■ **Data segment**:
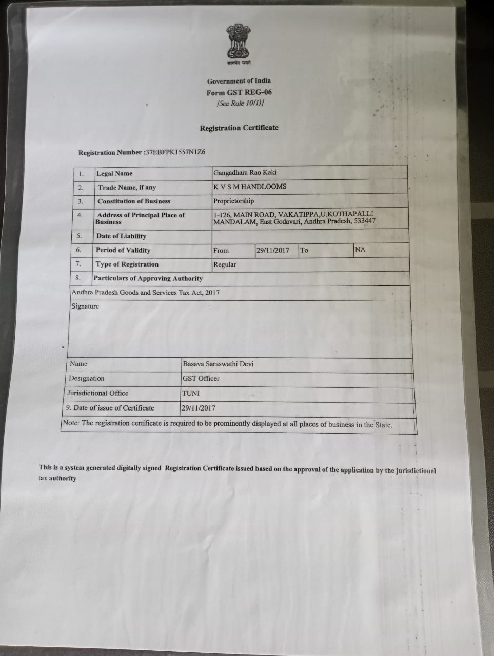 | GST/Enrollment ID | 37EBFPK1557N1Z6 |
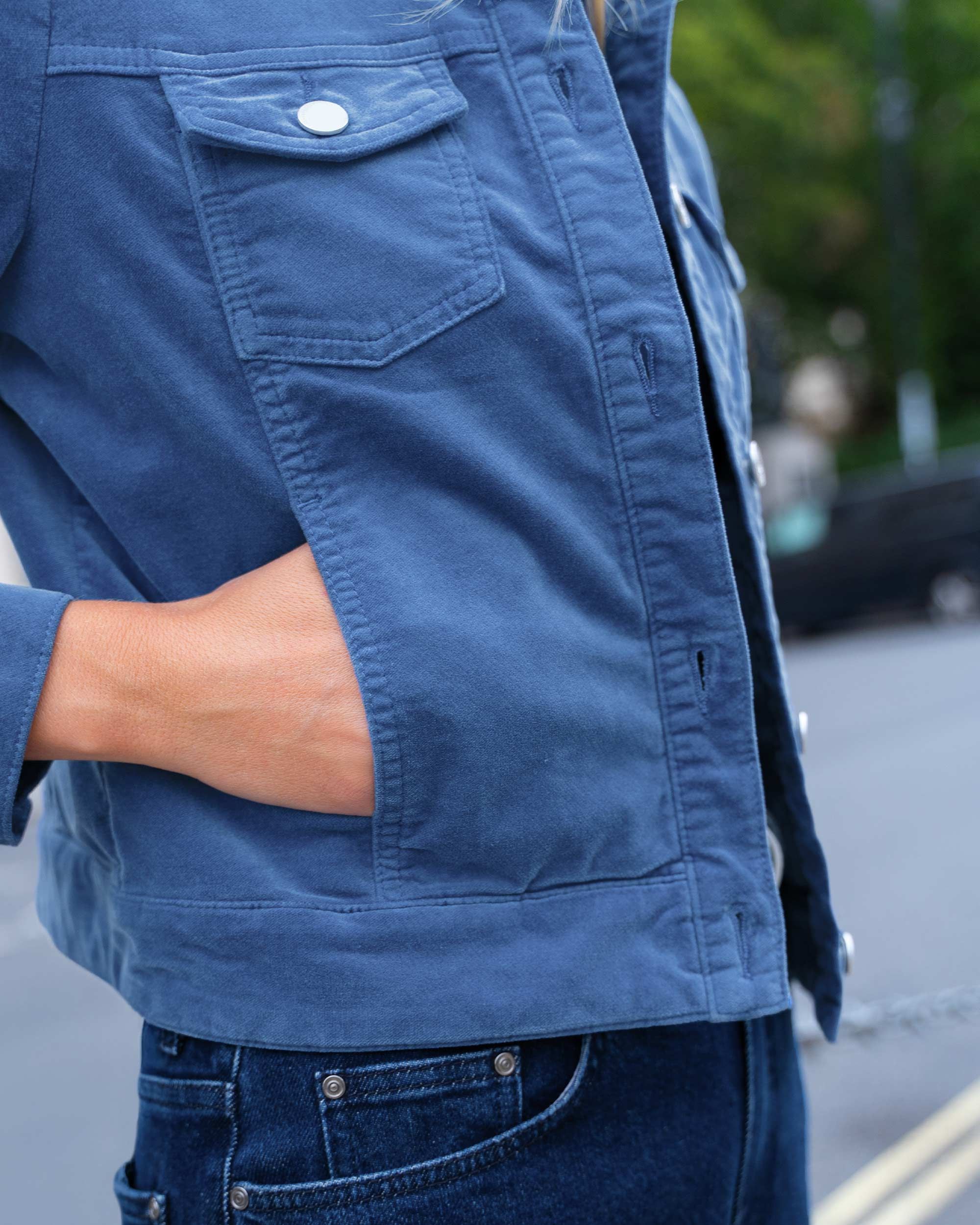 This velvet jacket is designed in a fitted, collared shape with a fully buttoned front, it features front and side pocket detailing, buttoned cuffs and subtle seam shaping through the front and back for a beautifully flattering fit. Effortlessly versatile, it’s the perfect blend of smart and casual, making it just as suited to festive outings as it is to everyday wear. Crafted from soft cotton velvet, the fabric has a gentle sheen that catches the light while offering a comfortable, breathable feel.
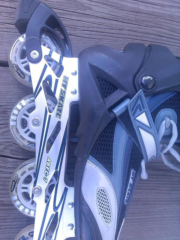 brusle jsou jako nové na noze jednou , velikost 44, Kolečka 84mm / 82A, Abec 7, pošta 120,-
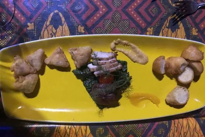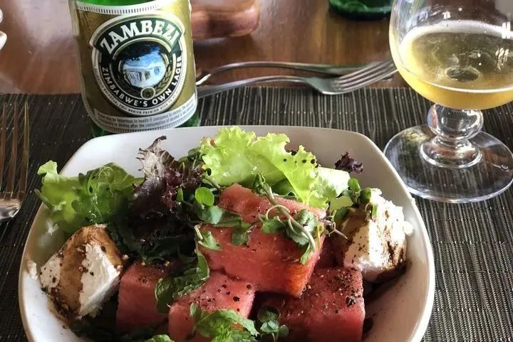 還是津巴布韋,西瓜和奶酪澆上油醋的沙拉,裏面還有蟲卵。。:

■ **Your goal**: Start with the line that holds "This velvet jacket" and retype each line through the last one in the data, exactly and without pictures.

■ **Written answer**:
 This velvet jacket is designed in a fitted, collared shape with a fully buttoned front, it features front and side pocket detailing, buttoned cuffs and subtle seam shaping through the front and back for a beautifully flattering fit. Effortlessly versatile, it’s the perfect blend of smart and casual, making it just as suited to festive outings as it is to everyday wear. Crafted from soft cotton velvet, the fabric has a gentle sheen that catches the light while offering a comfortable, breathable feel.
 brusle jsou jako nové na noze jednou , velikost 44, Kolečka 84mm / 82A, Abec 7, pošta 120,-
 還是津巴布韋,西瓜和奶酪澆上油醋的沙拉,裏面還有蟲卵。。:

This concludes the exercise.